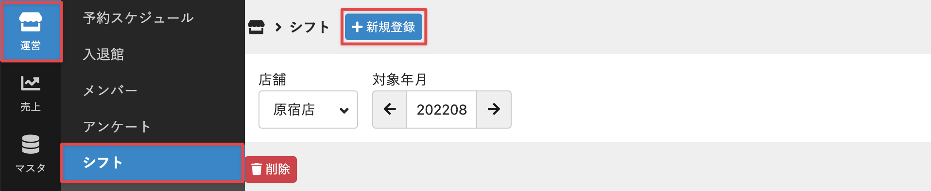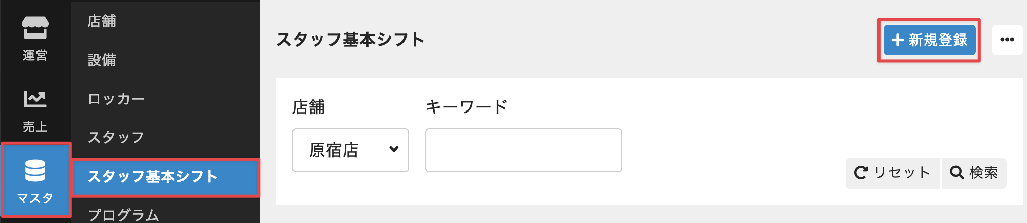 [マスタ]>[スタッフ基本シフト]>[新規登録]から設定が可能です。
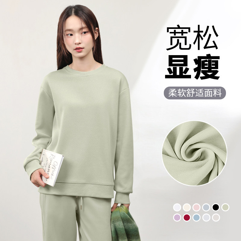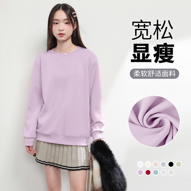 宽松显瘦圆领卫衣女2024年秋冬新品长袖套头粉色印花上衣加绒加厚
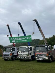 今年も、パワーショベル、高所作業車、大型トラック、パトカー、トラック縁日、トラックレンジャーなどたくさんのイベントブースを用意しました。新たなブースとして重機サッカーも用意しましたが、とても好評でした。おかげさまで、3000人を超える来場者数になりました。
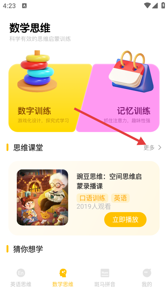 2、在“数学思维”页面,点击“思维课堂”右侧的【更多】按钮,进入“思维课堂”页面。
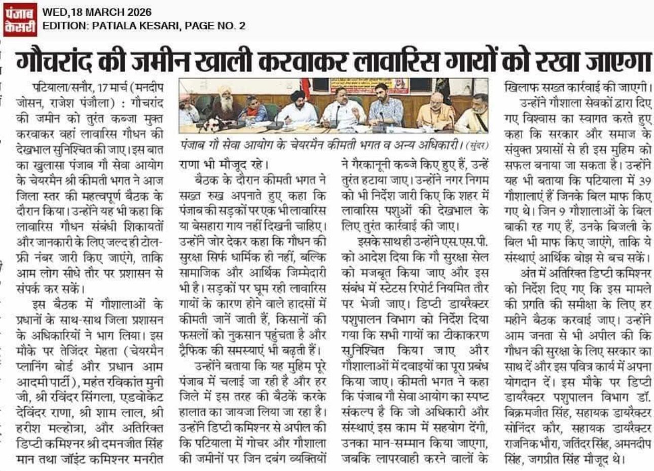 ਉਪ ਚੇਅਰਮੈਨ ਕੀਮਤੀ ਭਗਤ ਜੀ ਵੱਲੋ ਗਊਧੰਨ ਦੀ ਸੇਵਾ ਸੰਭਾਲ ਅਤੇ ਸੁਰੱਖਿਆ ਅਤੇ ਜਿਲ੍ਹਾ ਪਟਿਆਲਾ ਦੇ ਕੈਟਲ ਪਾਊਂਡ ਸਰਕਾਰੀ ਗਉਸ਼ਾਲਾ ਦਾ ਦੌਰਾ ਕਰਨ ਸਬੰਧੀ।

——

Everything but the pictures is needed: copy the data above exactly.

 [マスタ]>[スタッフ基本シフト]>[新規登録]から設定が可能です。
 宽松显瘦圆领卫衣女2024年秋冬新品长袖套头粉色印花上衣加绒加厚
 今年も、パワーショベル、高所作業車、大型トラック、パトカー、トラック縁日、トラックレンジャーなどたくさんのイベントブースを用意しました。新たなブースとして重機サッカーも用意しましたが、とても好評でした。おかげさまで、3000人を超える来場者数になりました。
 2、在“数学思维”页面,点击“思维课堂”右侧的【更多】按钮,进入“思维课堂”页面。
 ਉਪ ਚੇਅਰਮੈਨ ਕੀਮਤੀ ਭਗਤ ਜੀ ਵੱਲੋ ਗਊਧੰਨ ਦੀ ਸੇਵਾ ਸੰਭਾਲ ਅਤੇ ਸੁਰੱਖਿਆ ਅਤੇ ਜਿਲ੍ਹਾ ਪਟਿਆਲਾ ਦੇ ਕੈਟਲ ਪਾਊਂਡ ਸਰਕਾਰੀ ਗਉਸ਼ਾਲਾ ਦਾ ਦੌਰਾ ਕਰਨ ਸਬੰਧੀ।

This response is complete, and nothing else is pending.